Items from a dataset:
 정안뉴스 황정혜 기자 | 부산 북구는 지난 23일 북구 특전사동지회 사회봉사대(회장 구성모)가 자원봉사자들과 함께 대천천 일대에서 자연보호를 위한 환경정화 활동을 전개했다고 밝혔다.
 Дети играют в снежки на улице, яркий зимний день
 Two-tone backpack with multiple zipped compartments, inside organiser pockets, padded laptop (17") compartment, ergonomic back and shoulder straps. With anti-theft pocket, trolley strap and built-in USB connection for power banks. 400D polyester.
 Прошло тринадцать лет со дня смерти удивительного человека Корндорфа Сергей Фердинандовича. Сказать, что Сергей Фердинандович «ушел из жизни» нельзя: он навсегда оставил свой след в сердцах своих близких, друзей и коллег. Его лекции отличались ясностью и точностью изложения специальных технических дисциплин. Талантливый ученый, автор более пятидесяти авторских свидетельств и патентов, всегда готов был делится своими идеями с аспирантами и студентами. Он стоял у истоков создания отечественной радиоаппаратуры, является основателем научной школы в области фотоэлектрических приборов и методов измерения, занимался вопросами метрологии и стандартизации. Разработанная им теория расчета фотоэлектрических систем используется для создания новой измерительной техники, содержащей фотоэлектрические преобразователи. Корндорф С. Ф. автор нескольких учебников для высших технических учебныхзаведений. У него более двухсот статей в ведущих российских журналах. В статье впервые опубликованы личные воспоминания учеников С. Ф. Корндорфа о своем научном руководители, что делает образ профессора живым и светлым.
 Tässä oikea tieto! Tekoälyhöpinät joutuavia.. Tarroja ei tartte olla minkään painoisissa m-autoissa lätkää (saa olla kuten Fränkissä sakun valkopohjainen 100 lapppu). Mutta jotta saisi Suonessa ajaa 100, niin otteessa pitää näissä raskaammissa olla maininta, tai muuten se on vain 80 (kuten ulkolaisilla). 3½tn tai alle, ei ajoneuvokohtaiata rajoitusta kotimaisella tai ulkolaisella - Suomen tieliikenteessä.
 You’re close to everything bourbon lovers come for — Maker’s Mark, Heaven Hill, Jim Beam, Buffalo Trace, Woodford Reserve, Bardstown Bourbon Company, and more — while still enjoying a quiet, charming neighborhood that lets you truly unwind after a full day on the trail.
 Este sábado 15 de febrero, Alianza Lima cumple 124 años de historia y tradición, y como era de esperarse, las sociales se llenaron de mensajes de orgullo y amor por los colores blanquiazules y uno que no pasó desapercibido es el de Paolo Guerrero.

Work required: Make an exact copy of every line from the one with "You’re close to" to the end of the data, with the first and last of those lines included.

Answer to the exercise:
 You’re close to everything bourbon lovers come for — Maker’s Mark, Heaven Hill, Jim Beam, Buffalo Trace, Woodford Reserve, Bardstown Bourbon Company, and more — while still enjoying a quiet, charming neighborhood that lets you truly unwind after a full day on the trail.
 Este sábado 15 de febrero, Alianza Lima cumple 124 años de historia y tradición, y como era de esperarse, las sociales se llenaron de mensajes de orgullo y amor por los colores blanquiazules y uno que no pasó desapercibido es el de Paolo Guerrero.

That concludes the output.